Представила себе Аглаю, которая с улыбкой на губах произносит: «Хорошо, девочка. Делай, что захочешь. Это теперь твой дом». Кивнув, Маша нетерпеливо поддела пальцами краешек люка, напряглась и не без усилий открыла его. Снизу дыхнуло прохладой. Проникающего в окна солнечного света оказалось достаточно, чтобы Маша смогла разглядеть обстановку маленького, обитого досками погреба: земляной пол; стеллажи, заставленные банками и бутылями различного объёма.
Глаза Маши загорелись. Она поняла, что обнаружила клад с драгоценностями. Возможно, даже лучшее сокровище, чем припасы в ящике на кухне. Радостно обойдя люк, Маша устремила сияющий взгляд на проём в соседнюю комнату и выдохнула:
- Спасибо, Аглая!
Больше медлить не стала, спустилась по короткой крепко сбитой лестнице в подпол и осмотрелась. Десятки банок и бутылей. Их содержимое радовало глаз своим разноцветным разнообразием. Одна из полок была плотно заставлена небольшими баночками и пузырьками из тёмного стекла. Маша взяла один такой пузырёк и поднесла к носу. Даже сквозь пробку до неё донёсся отчётливый лекарственный запах. Всё ясно, это полка со снадобьями. Неинтересно.
А вот большие банки – совсем другое дело. Маша была твёрдо уверена, что в них находится что-то ну очень вкусное. Даже слюнки потекли, хотя есть особо и не хотелось. Глаза и любопытство настойчиво требовали отведать содержимое банок, но не желудок.

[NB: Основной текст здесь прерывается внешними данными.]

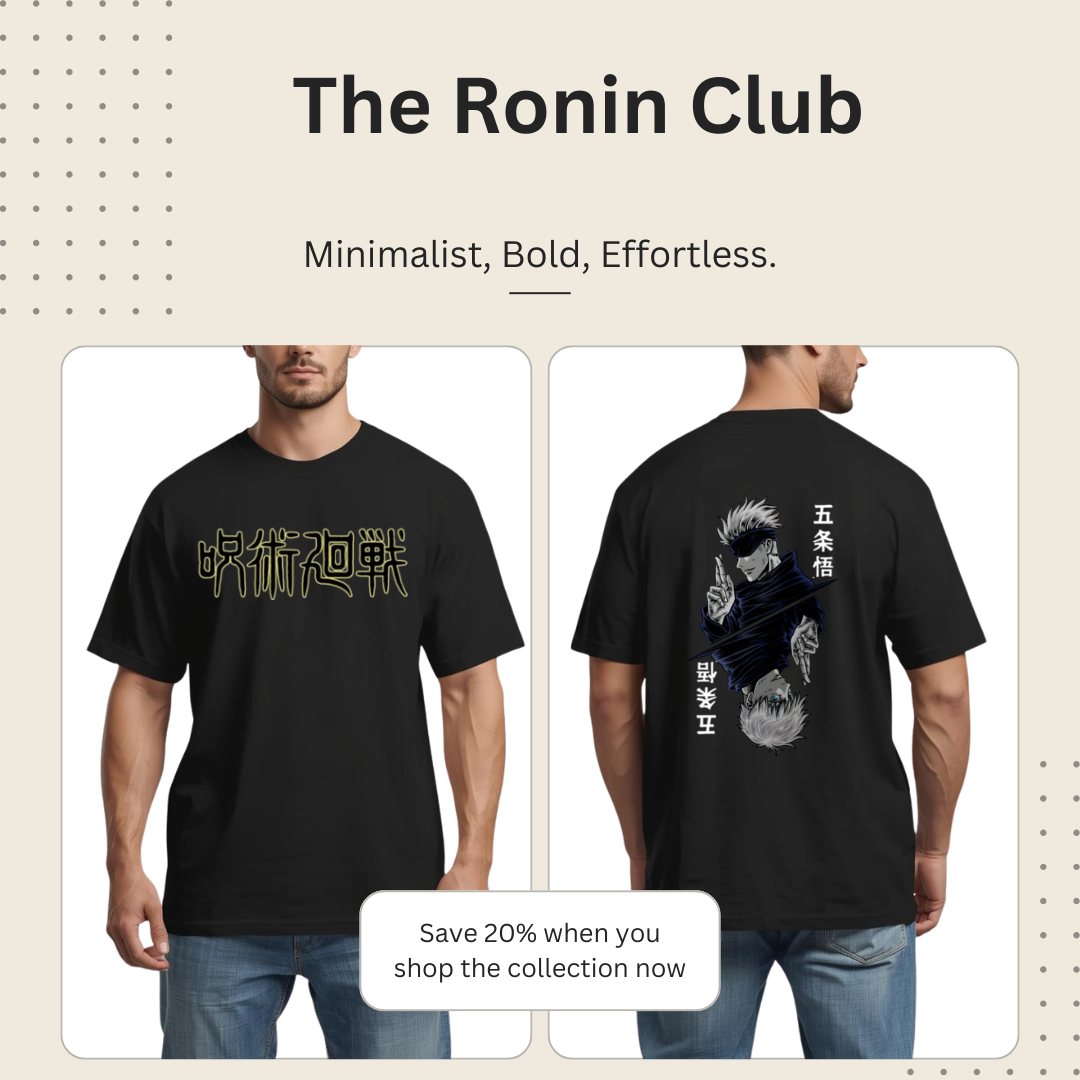 Elite Dual Sided Tee-Jujutsu kaisen in Japanese Kanji front logo paired with iconic Gojo's Sixth Eye back graphics.

И на этот раз Маша прислушиваться к желудку не стала. Она схватила литровую банку, наполненную чем-то красным, торопливо поднялась по лестнице и проследовала на кухню. Ей пришлось изрядно повозиться, чтобы открыть крышку – руками не получилось и в ход пошли зубы. Справилась. Воздух наполнился ароматом земляничного варенья. Маша охнула. Это был запах из прошлого. Из того времени, когда она спала на кровати, а не на драных телогрейках за печкой; когда ела за столом и свободно гуляла во дворе. Из того прошлого, когда Грыжи не было и в помине.
Земляника.
Маленькая сладкая ягодка.
Скорее! Скорее нужно попробовать!
В волнительном предвкушении Маша отыскала ложку в ящике стола, зачерпнула варенье, сунула в рот… и обомлела. Раньше ей казалось, что нет ничего вкуснее тех конфет, которыми её прошлым летом угостила Аглая. Ошибалась. Земляничное варенье было лучше в тысячу раз. Даже в голове помутилось от восторга. За первой ложкой незамедлительно последовала вторая, третья, четвёртая… Маша глотала, почти не пережёвывая, и останавливаться не собиралась. Точнее, она просто не могла остановиться. В эти минуты для неё не существовало ни Грыжи, ни покойного отца. Было только варенье – сладкое могущественное волшебство. Банка опустела наполовину. Больше не лезло, но маша всё равно настойчиво отправляла в рот ложку за ложкой. Желудок взмолился: Хватит! Она не желала его слушать. Ничего не хватит! Это было какое-то помутнение. Ещё ложка. И ещё…
Всё.
Хотя нет. Ещё чуть-чуть. Капельку.
Вот теперь – всё.
Следующие часы Маша боролась с тошнотой. Ей было плохо. Она лежала на ложе из стульев, постанывала и непрерывно ругала себя за обжорство: ну нельзя же так! Дорвалась дурочка до сладкого. А теперь от одной только мысли о варенье мутило. Лишь после полудня немного полегчало.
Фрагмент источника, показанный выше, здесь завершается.